[Opening Material supplied section]
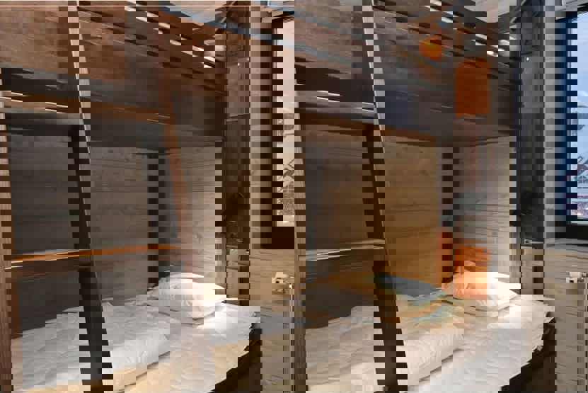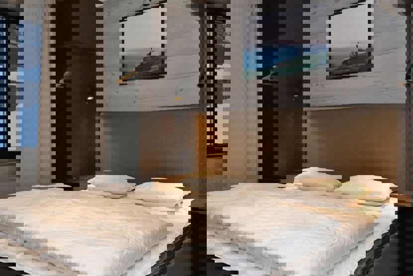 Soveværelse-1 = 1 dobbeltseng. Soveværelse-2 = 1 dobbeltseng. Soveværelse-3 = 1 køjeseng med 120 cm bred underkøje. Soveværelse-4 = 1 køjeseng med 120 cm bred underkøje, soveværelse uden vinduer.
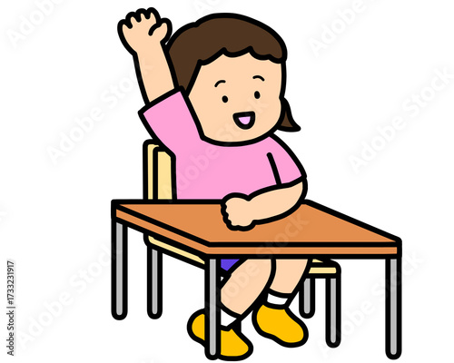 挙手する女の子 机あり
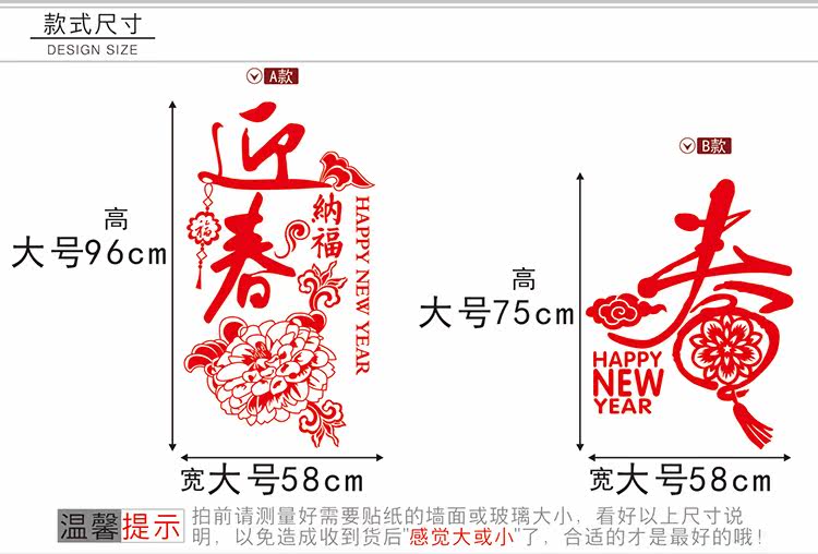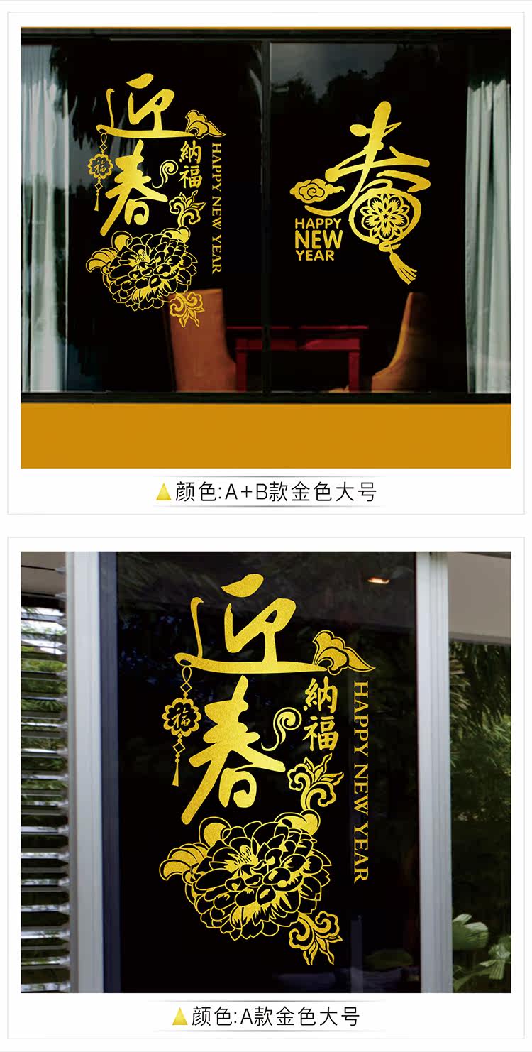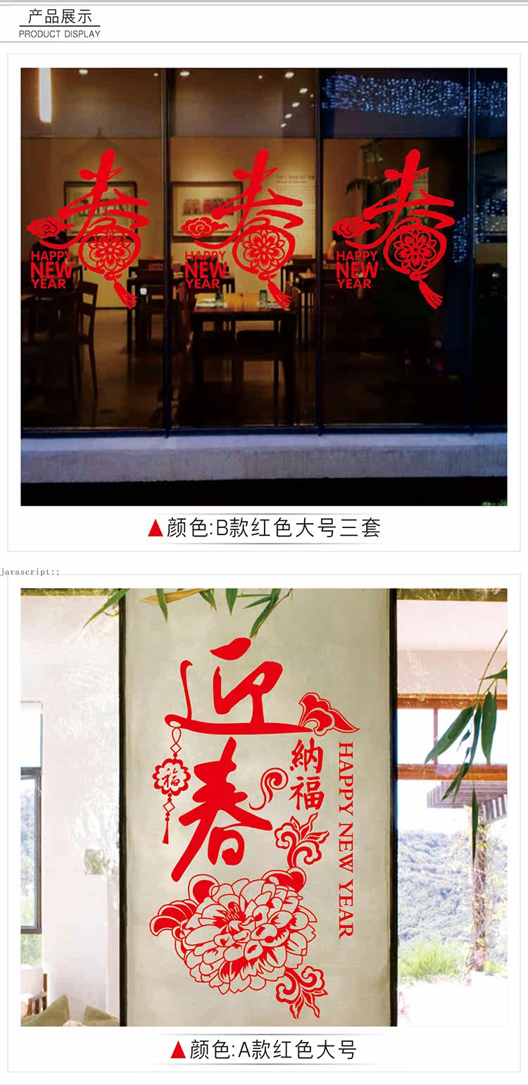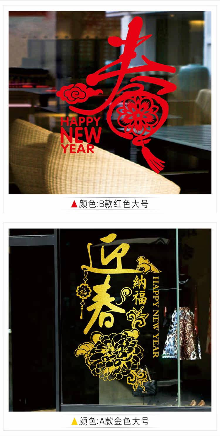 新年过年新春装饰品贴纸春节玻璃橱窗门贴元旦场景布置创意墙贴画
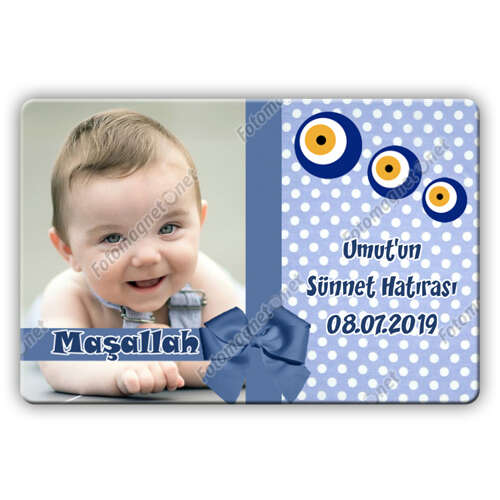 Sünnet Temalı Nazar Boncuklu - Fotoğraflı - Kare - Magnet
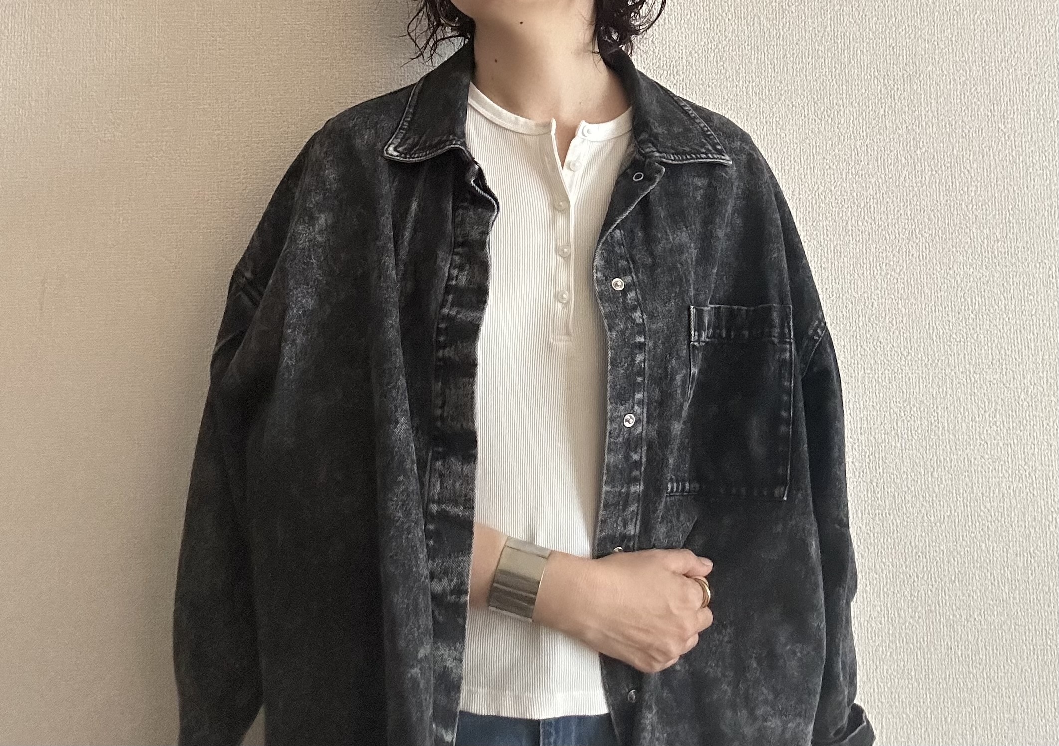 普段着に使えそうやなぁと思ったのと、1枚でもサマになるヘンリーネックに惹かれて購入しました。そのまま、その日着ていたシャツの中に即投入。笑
[Closing Material supplied section]
Transcribe exactly the span of lines that opens with the line holding "Sünnet Temalı Nazar" and closes with the last line of the entries above. Omit pictures.

 Sünnet Temalı Nazar Boncuklu - Fotoğraflı - Kare - Magnet
 普段着に使えそうやなぁと思ったのと、1枚でもサマになるヘンリーネックに惹かれて購入しました。そのまま、その日着ていたシャツの中に即投入。笑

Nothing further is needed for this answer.